Polisi telah menghalau massa yang meneriakan pernyataan bernada provokatif. Namun massa
tidak menurut. Pukul 07.05 WIT massa mulai melempari mushala dengan batu. Pukul 07.10 WIT
massa merusak dan membakar kios. Peristiwa tersebut menyebabkan kurang lebih 400 orang
mengungsi akibat kehilangan tempat tinggal yang diantaranya 153 orang menyebar di 2 (dua)
titik pengungsian dan sisanya kembali ke daerah asal, 1 mushola dan 63 unit ruko terbakar.
Selain itu, 1 (satu) orang dinyatakan meninggal dunia dan 11 orang lainnya mengalami luka-
luka.
Konflik Antar Golongan Agama (Ahmadiyah dan Syiah) (2000-an)

Indonesia memiliki banyak sekali golongan-golongan dalam sebuah agama. Misal Islam ada yang
memposisikan sebagai NU, Muhammadiyah, hingga Ahamdiyah. Sayangnya, ada beberapa golongan
yang dianggap menyimpang hingga akhirnya dimusuhi oleh golongan lain yang jauh lebih dominan.
Konflik yang paling nampak terlihat dari golongan Ahmadiyah yang mengalami banyak sekali
tekanan dari kelompok mayoritas di wilayahnya.

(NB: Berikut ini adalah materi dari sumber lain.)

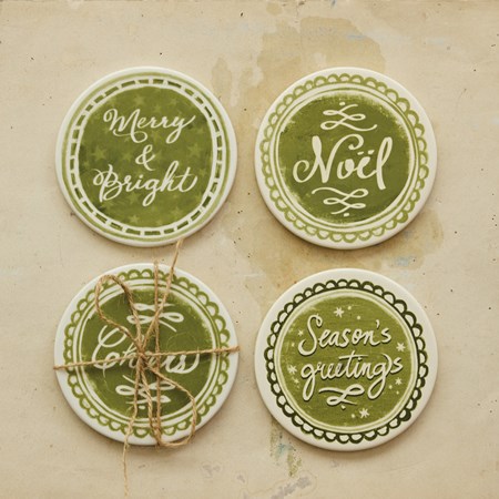 Catalog Name: 10-1/2" Square Cotton Printed Waffle Weave Dish Cloths w/ Tree/Holly Pattern, Natural, Green & Red, Set of 2 Tied w/ Cotton Tape

Mereka dianggap menyimpang hingga akhirnya diusir, rumah ibadah dan warga dibakar hingga aksi
kekerasan lainnya. Jemaah dari Ahmadiyah dipaksa kembali ke ajaran asli dan meninggalkan ajaran
lamanya.

Selanjutnya ada kelompok lagi bernama Syiah yang juga ditekan di Indonesia. Kelompok ini
dianggap sesat dan harus diwaspadai dengan serius. Sayangnya, masyarakat terlalu ekstrem hingga
banyak melakukan kekerasan pada kelompok ini mulai dai pembakaran rumah ibadah hingga
pesantren. Hal ini dilakukan dengan dalih agar Islam di Indonesia tidak tercemar oleh ajaran pengikut
Syiah.
KONFLIK ANTARA ETNIS (1998)

Kerusuhan yang terjadi di penghujung Orde Baru 1998 awalnya dipicu oleh krisis
moneter yang membuat banyak sektor di Indonesia runtuh. Namun lambat laun kerusuhan
menjadi semakin mengerikan hingga berujung pada konflik antara etnis pribumi dan etnis
Tionghoa. Kerusuhan melebar dan menyebabkan banyak aset-aset miliki etnis Tionghoa dijarah
dan juga dibakar karena kemarahan.
Selain menjarah dan membakar banyak hal penting dari etnis Tionghoa. Mereka juga
melakukan tindak kekerasan kepada para wanita dari etnis ini. Kasus pelecehan seksual banyak
dilaporkan hingga kasus pembunuhan pun tak bisa dihindari. Konflik antar etnis yang terjadi di
Indonesia benar-benar membuat negeri ini menjadi lautan darah.
Konflik Sosial Lampung dan Bali

Konflik sosial terjadi di Provinsi Lampung. Bagian paling selatan


pulau Sumatera tersebut, juga pernah mengalami konflik sosial, yang
terjadi antara Suku Lampung sendiri dengan Suku Bali. Hal yang
melatar belakangi terjadinya kasus ini adalah adanya kesenjangan sosial
terutama dari segi ekonomi, singkatnya kasus ini terjadi antara
masyarakat asli dan masyarakat pendatang.